Prof. Dr. Martin Büsing: “Unsere Patientin hat sich nach sehr kurzer Bedenkzeit für diese neue Operationstechnik entschieden, obwohl sie wusste, dass wir mit diesem Zugangsweg über die Vagina noch keine Erfahrungen bei einer Magenoperation besitzen. Da wir aber inzwischen reichlich Gallenblasenoperationen in dieser Technik vorgenommen haben, fiel ihr die Entscheidung nicht schwer. Wir danken ihr ausdrücklich für das entgegengebrachte Vertrauen. Die Operation selbst verlief in sehr ruhiger Atmosphäre und wir sind keinerlei Risiken eingegangen. Erfreulicherweise zeigte die sofortige mikroskopische Untersuchung des Operationspräparates keine Bösartigkeit, so dass wir davon ausgehen können, dass eine weitere Therapie nicht erforderlich ist.“
Die Klinik in Recklinghausen beschäftigt sich schwerpunktmäßig mit der speziellenBauchchirurgie und nimmt mittlerweile einen großen Teil der Darmoperationen und Magenoperationen in der Schlüssellochtechnik vor.
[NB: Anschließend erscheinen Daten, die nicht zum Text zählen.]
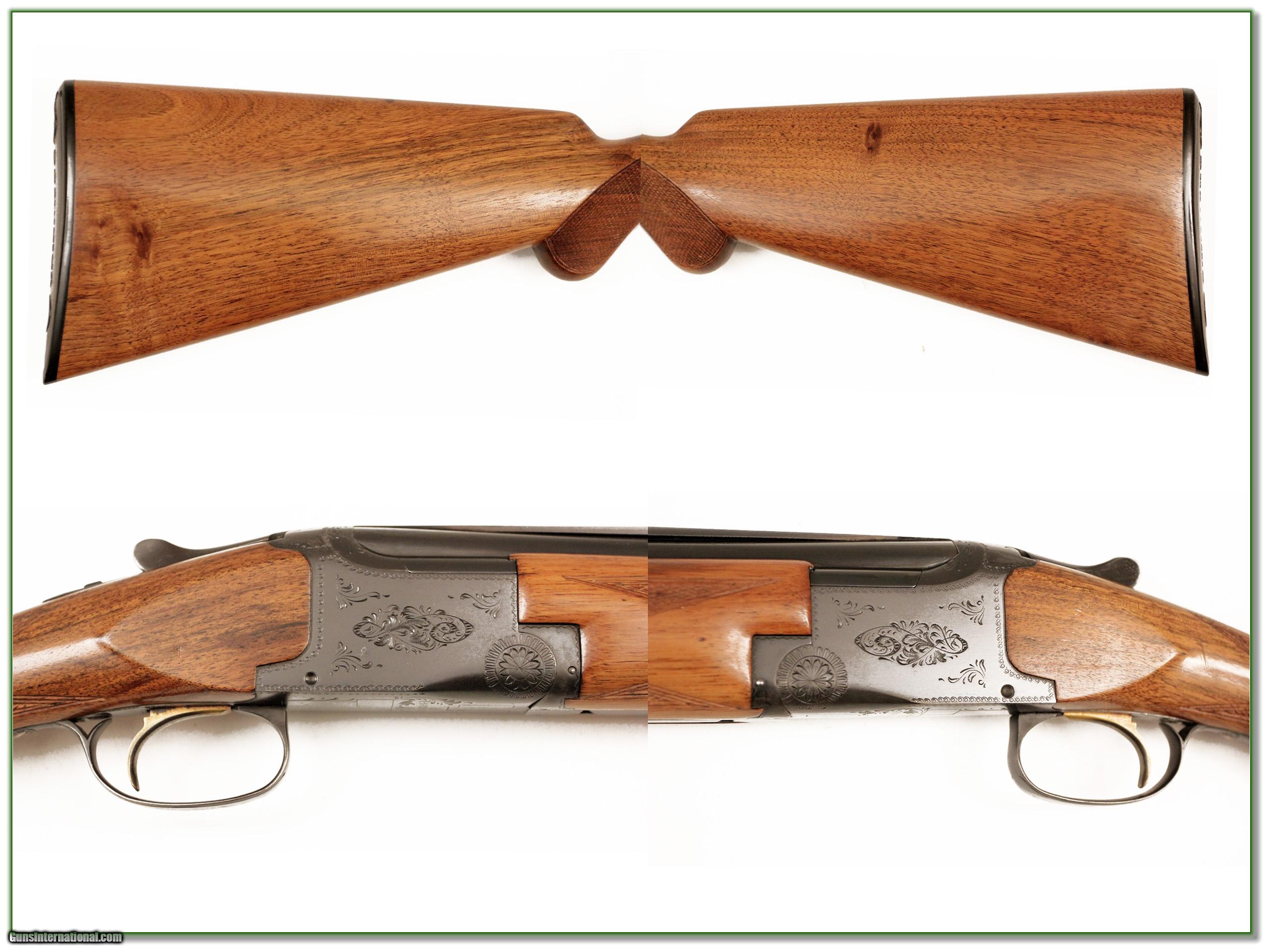 Description: Collectors, shooters and hunters, this is an excellent condition and early 1954 Belgium made Browning Superposed 20 gauge. It has 26in barrels choked Mod and IC and a VR. Original finished with beautiful rust blue and wood have only a couple insignificant handing marks. Horn butt plate is worm hole free. This will make a classic field gun and they don’t make them like this anymore! It is a Shooting Investment. Shipping and insurance is $45 and only $15 more if you want it shipped in a new Plano hard case. (I now consign quality firearms only 10%! Let me know if you have any you would like to sell!) [15-1477] Payment: Payment is by Money Order, Cashiers Check or Personal Check. I can now also accept MasterCard and Visa with a 3% convenience fee. PayPal can be used for some items but never firearms. Please let us know if you would like to pay via PayPal. Shipping: The shipping charge will be listed in each description. It is $35 for most guns. Some heavy guns or those insured for over $2000 will be higher. Shipments to Alaska and Hawaii are higher because air shipment is required. Most firearms are shipped within 5 days of receipt of payment. We prefer shipping at the beginning of the week to avoid firearms in transit over weekends. We package all shipments carefully and insure them for the full purchase price, rounded up to the next $100. In the unlikely event that damage occurs, it is important that you save all packaging material for the claims process. Optics are shipped Priority Mail and most other non-firearm shipments are shipped First Class. Returns: Our return policy is simple. If for any reason you are not pleased with your purchase, you may return your item for a refund. The only exception is ammunition, it cannot be returned. It is important to us that you are happy. Guns cannot be fired or dissembled before returning them and must be returned in the same condition as received. Notification of a return must occur with-in 3 days of receipt at your dealer. Shipping, convenience and dealer fees are not refundable and are the responsibility of the buyer. Lay-a-way: If needed, we offer a 60 day lay-a-way option on most firearms. It is 1/3 now, 1/3 in 30 days and 1/3 in 60 days. Lay-a-way firearm sales are final. Consigning your firearms with Shooting Investments: We will help you get top dollar for your firearms. While most local guns shops charge 20% or more, our fee is only 10% with a minimum of $50. At your local gun shop it might take months to sell. Selling on-line provides instant access to thousands of interested buyers. You won’t find any other on-line dealer willing to sell your firearms for only 10% or listing every gun on 4 separate s. Selling through an House typically costs the seller 15% and the buyer an addition 15% (so 30%) and you have to wait several months to sell and longer to receive funds. If properly priced, we will sell your firearms in a week or two. Send us an email or give us a call and we’ll explain how easy it is for you to get top dollar. Trading: We collect guns and usually just trade for guns we want to add to our collections. We often sell guns for others wanting to purchase one of ours. We find this the most fair to both of us. Our Commission is only 10% and we hold the gun you want until yours sells. Please contact us if you want to sell one of yours to buy one of ours. Help for California Buyers: We are happy to ship to California. It is the buyer’s responsibility to make sure any item you buy is legal in your state. We are also happy to help with your purchase of a firearm from someone other than us. If you see a gun you would like to buy but the seller can’t or won’t ship to California we can help. You buy the gun and have it shipped to us. We’ll then ship it to your California dealer. The cost for this service is only $30 + shipping. Let me know if we can help! SOLD |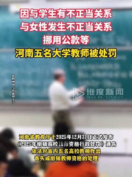 触目惊心!河南5名高校教师被撤销资格,2人与学生有不正当关系,校方回应引众怒 老师本该是“行为世范”的榜样,可河南这5名高校教师却跌破底线!近日省教育厅的一则通报炸翻全网:5人被依法撤销或丧失教师资格,其中2人竟与学生发生不正当关系,校方一句“该老师已离职”更是引发网友热议,这背后的师德失守,真的不能忍! 很多人上学时都听过“一日为师,终身为父”,可有些老师却把教书育人的讲台,变成了突破底线的温床。通报里明确提到,教师牛某骋、张某党因“与学生发生不正当关系”,被直接撤销高校教师资格,证书收缴,五年内不得重新申请。要知道,教育部早就划出师德“红七条”,明确禁止教师与学生发生不正当关系,这不是模糊的道德要求,而是不能触碰的法律红线 ! 更让人揪心的是,类似的失德案例并非个例。之前湖南“明星校长”范秋明,表面高谈“立德树人”,背地里却与多名女性发生不正当关系,还大肆贪腐,最终沦为阶下囚 。这些案例都在警示:一旦教师丢掉师德底线,利用身份和权力谋取私利,伤害的不仅是单个学生,更是整个教育行业的公信力。而此次涉事校方“已离职”的回应,更让网友质疑:是真的不知情,还是想“一辞了之”逃避监管责任? 值得庆幸的是,从国家到地方,对师德失范早已亮出“零容忍”的态度。教育部明确要求,师德表现是教师资格准入、职称评聘的首要要求,对严重违规行为从严从重处理 。河南此次的通报,正是对这一要求的践行——除了2名失德教师,还有3人因挪用公款、寻衅滋事等刑事犯罪,被终身剥夺教师资格,彻底踢出教师队伍 。这不仅是对违规者的惩罚,更是对教育公平的守护。 网友们的愤怒和热议,本质上是对“学高为师,身正为范”的期盼。我们尊重教师这个职业,不是因为身份光环,而是因为它承载着教书育人的责任。当老师不再坚守底线,教育的根基就会动摇。期待各地能真正落实师德师风长效机制,把好教师准入关、日常监管关、违规惩处关,让“离职”不能成为失德的“避风港”,让每一位学生都能在干净、纯粹的环境中成长。 教育的底线不容突破,师德的红线不能触碰。愿所有教师都能牢记“立德树人”的初心,做学问之师,更做品行之师;愿每一份教育信任都不被辜负,这才是对教育最基本的尊重! 教师不良现象 教师违规行为 教师行为失范

Hinzukommt die Übergewichtschirurgie (Adipositaschirurgie), die im großen Umfang (150 pro Jahr) durchgeführt wird. Auch hier stellt das minimal-invasive Vorgehen die Standardtechnik dar.
„Unsere Erfahrungen in der Adipositaschirurgie haben die jetzige Magenoperation (Sleeve-Gastrektomie) erst möglich gemacht. Auch bei Übergewichtigen verkleinern wir den Magen in vielen Fällen und produzieren einen so genannten Schlauchmagen. Bei der jetzigen Operation haben wir unsere Erfahrungen in der Adipositaschirurgie mit unseren Erfahrungen beim transvaginalen Zugang zur Gallenblase kombiniert. Ich glaube, dass hier noch viele weitere Entwicklungen möglich sind.“, so Prof. Dr. Martin Büsing.
Während bei der üblichen Schlüssellochtechnik immerhin 34 Einschnitte und Zugänge in der Bauchdecke erforderlich sind, erfolgt bei der neuen NOTES-Technik der Zugang mit zwei Instrumenten durch das hintere Scheidengewölbe und einen winzigen Einstich zentral im Nabelbereich. In einzelnen Fällen ist ein weiterer kleiner Zugang notwendig. An der Bauchdecke verbleiben keinerlei sichtbare Narben.
An der Operation waren folgende Ärzte beteiligt:
Hr. Prof. Dr. M. Büsing, Chefchirurg: Oberärztin Frau Dr. A. Knapp; Oberarzt Dr. G. Saada; Hr. Prof. Dr. H.-G. Bone, Chefanästhesie.
NOTES ist die Abkürzung für Natural Orifice Translumenal Endoscopic Surgery (auf deutsch etwa: endoskopische Operation durch natürliche Öffnungen). Es handelt sich um eine operativ-endoskopisches Verfahren, das eine Weiterentwicklung der laparoskopischen Chirurgie und der gastroenterologischen Endoskopie darstellt. Bei der Laparoskopie werden mittels kleiner Schnitte Instrumente in den Körper eingeführt, so werden größere Öffnungen vermieden (minimal-invasive-Chirurgie). Die NOTES verändert die Technik dahin, dass die Instrumente durch Mund, After oder Vagina eingeführt werden. Über einen kleinen Einschnitt in Speiseröhre, Magen, Darm oder Vagina kann der Arzt das eigentliche Operationsgebiet, beispielsweise dir Gallenblase erreichen. Nach erfolgter Operation wird der Einschnitt mit Naht oder Klammern wieder verschlossen. Die Technik ist noch experimentell. (modifiziert n. Wikipedia).